--- Study material Enclosed Below ---

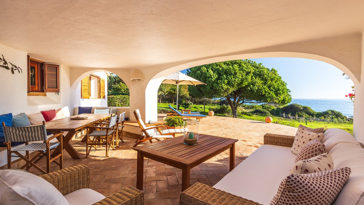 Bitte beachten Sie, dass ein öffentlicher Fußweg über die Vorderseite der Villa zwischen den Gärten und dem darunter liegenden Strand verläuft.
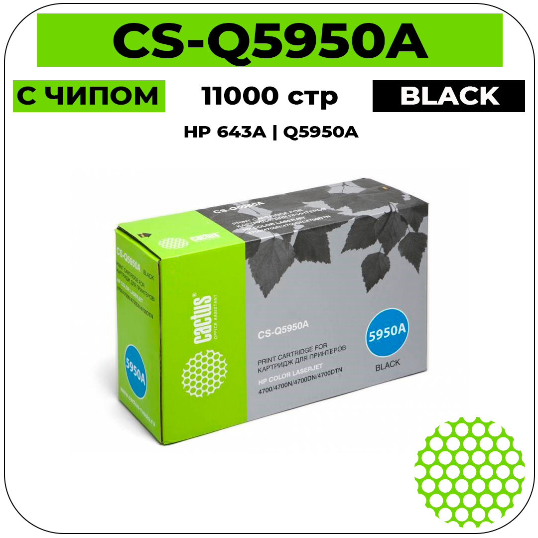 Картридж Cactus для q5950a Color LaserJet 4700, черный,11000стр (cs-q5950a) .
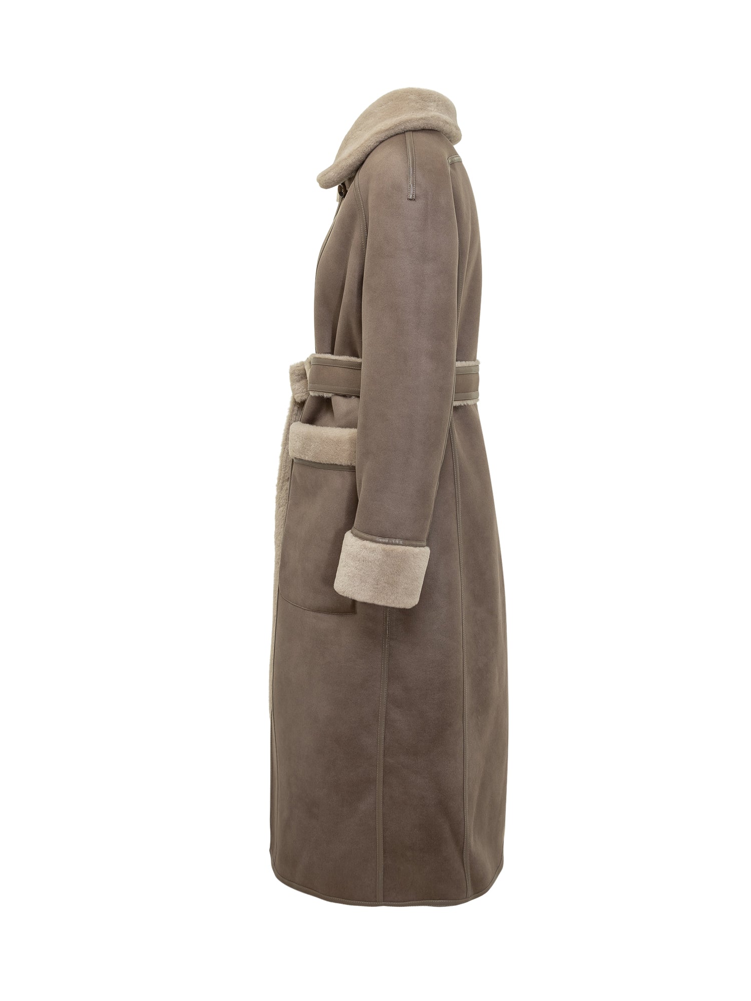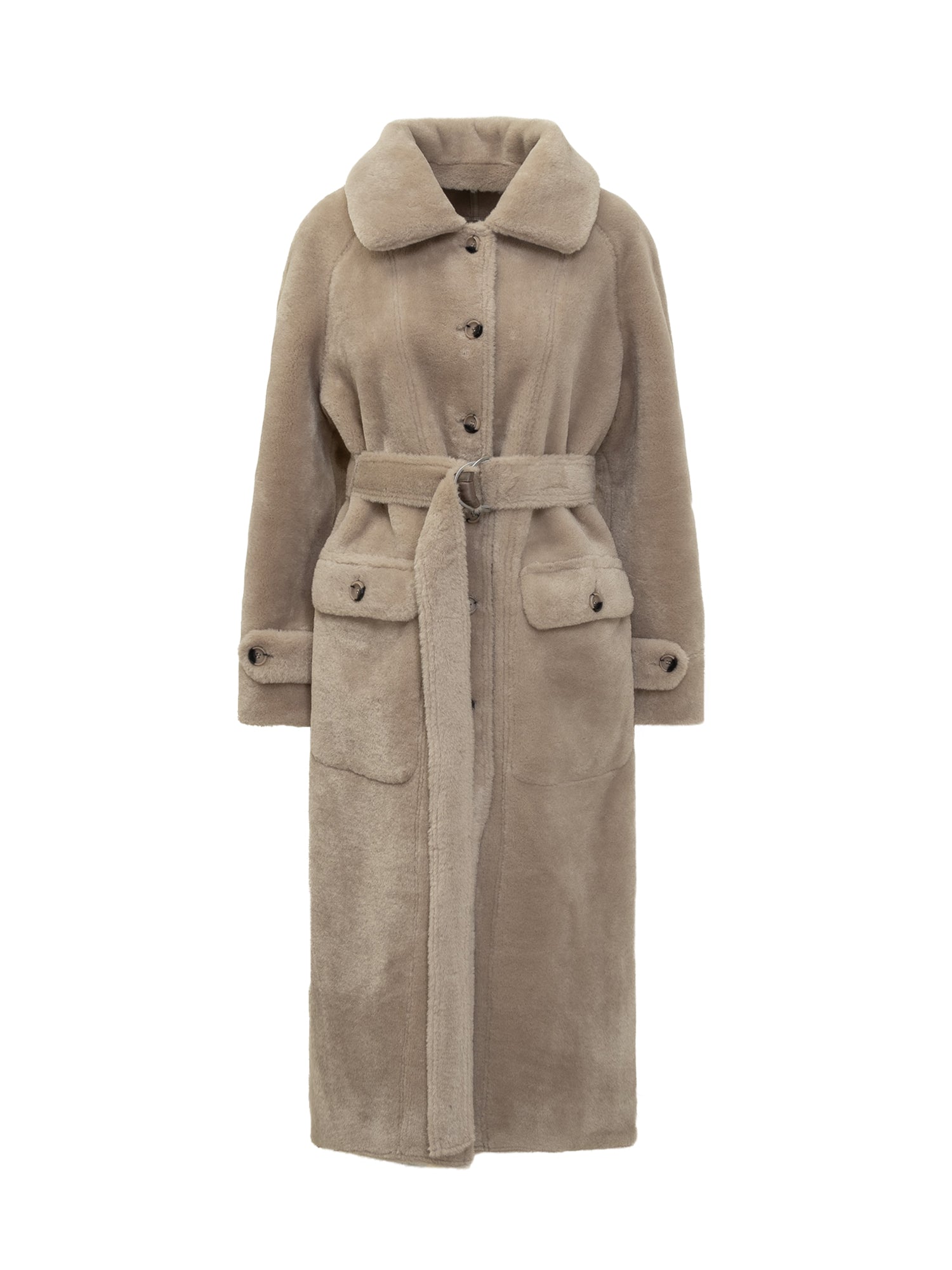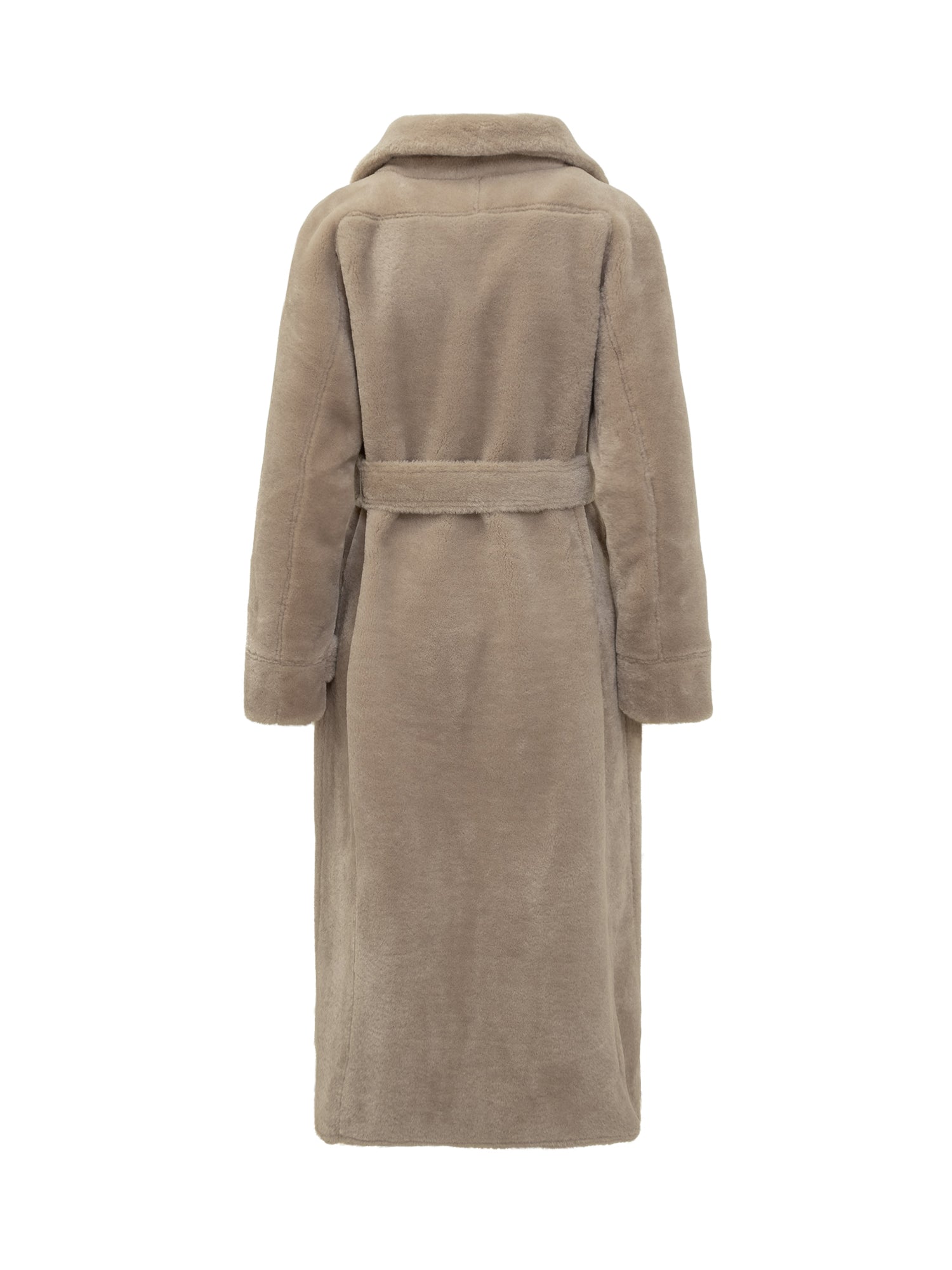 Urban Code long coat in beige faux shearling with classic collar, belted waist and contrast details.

--- End of Enclosed Study material ---
--- Study material Enclosed Below ---

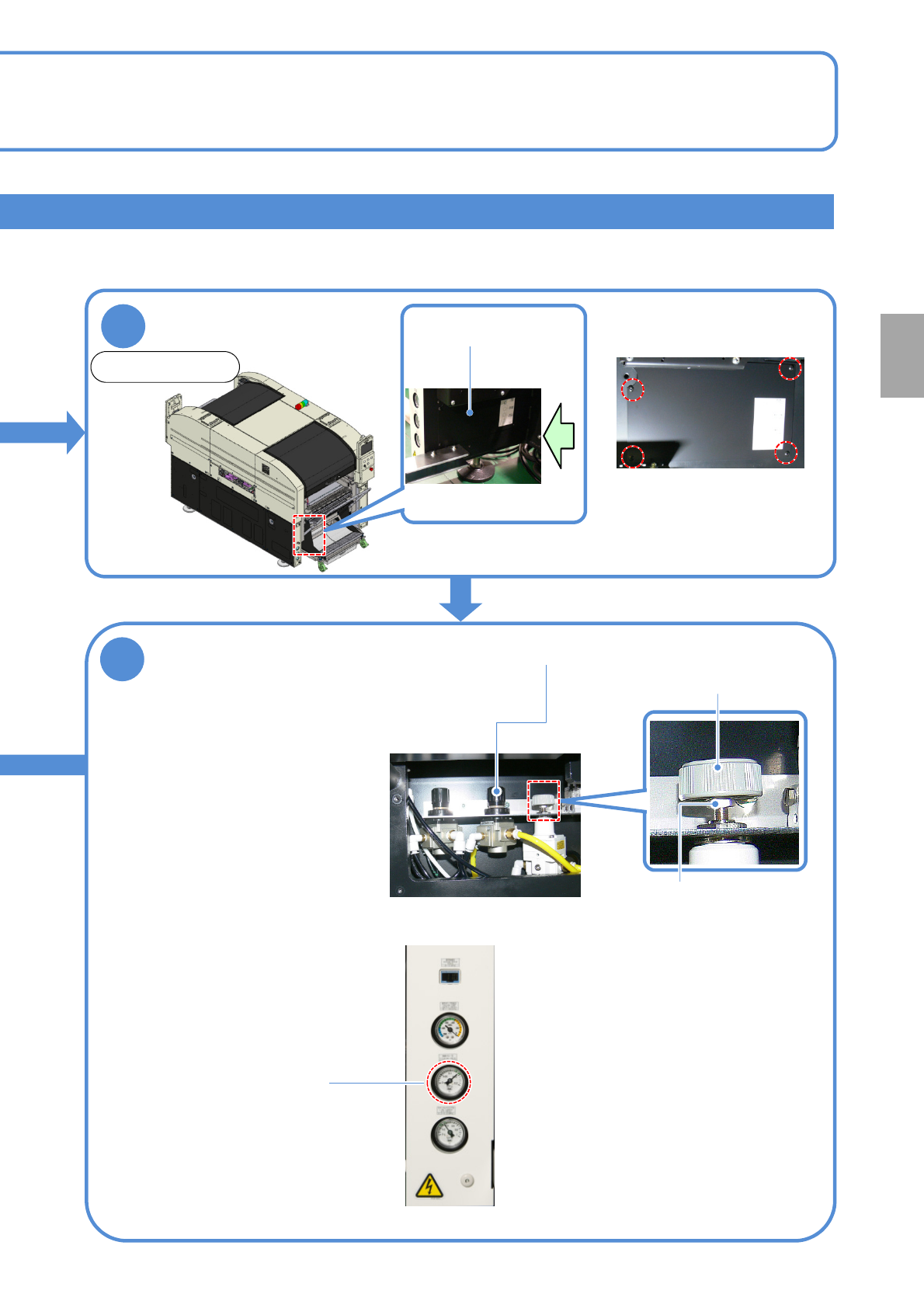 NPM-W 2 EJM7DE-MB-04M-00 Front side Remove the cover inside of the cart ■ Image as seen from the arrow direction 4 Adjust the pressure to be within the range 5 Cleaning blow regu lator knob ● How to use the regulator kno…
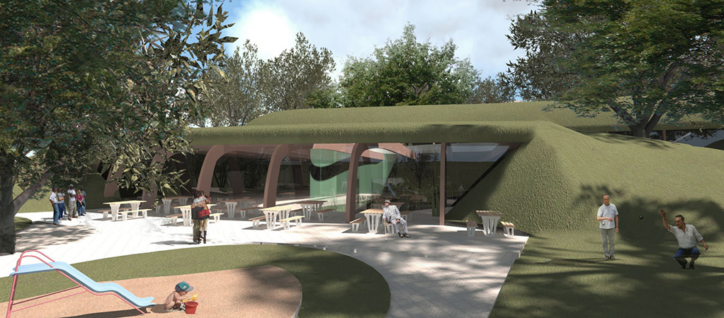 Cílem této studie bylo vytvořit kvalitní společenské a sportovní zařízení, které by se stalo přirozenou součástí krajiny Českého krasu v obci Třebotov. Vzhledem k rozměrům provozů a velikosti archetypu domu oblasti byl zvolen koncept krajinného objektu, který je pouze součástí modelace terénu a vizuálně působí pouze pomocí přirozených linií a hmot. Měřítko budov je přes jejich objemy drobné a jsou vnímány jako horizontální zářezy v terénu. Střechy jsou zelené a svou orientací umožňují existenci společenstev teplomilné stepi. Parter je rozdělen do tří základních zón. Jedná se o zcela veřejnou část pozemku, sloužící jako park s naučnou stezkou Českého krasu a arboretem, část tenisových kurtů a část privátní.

--- End of Enclosed Study material ---
--- Study material Enclosed Below ---

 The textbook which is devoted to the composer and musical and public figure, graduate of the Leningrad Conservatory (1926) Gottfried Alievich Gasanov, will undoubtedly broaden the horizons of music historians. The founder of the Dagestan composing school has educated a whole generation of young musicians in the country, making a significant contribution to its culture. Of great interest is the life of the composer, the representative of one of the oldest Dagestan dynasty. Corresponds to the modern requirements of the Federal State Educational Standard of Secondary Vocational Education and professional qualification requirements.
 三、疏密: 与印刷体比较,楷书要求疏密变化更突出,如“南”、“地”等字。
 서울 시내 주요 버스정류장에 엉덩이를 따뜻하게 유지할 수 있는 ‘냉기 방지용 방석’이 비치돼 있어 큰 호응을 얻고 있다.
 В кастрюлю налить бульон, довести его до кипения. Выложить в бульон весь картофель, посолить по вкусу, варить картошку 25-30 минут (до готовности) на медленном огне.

--- End of Enclosed Study material ---

--- About this task ---
Drop the pictures; return the lines above from the line containing "Bitte beachten Sie, dass" to the line containing "Urban Code long", both included, exactly.

--- Solution to the problem ---
 Bitte beachten Sie, dass ein öffentlicher Fußweg über die Vorderseite der Villa zwischen den Gärten und dem darunter liegenden Strand verläuft.
 Картридж Cactus для q5950a Color LaserJet 4700, черный,11000стр (cs-q5950a) .
 Urban Code long coat in beige faux shearling with classic collar, belted waist and contrast details.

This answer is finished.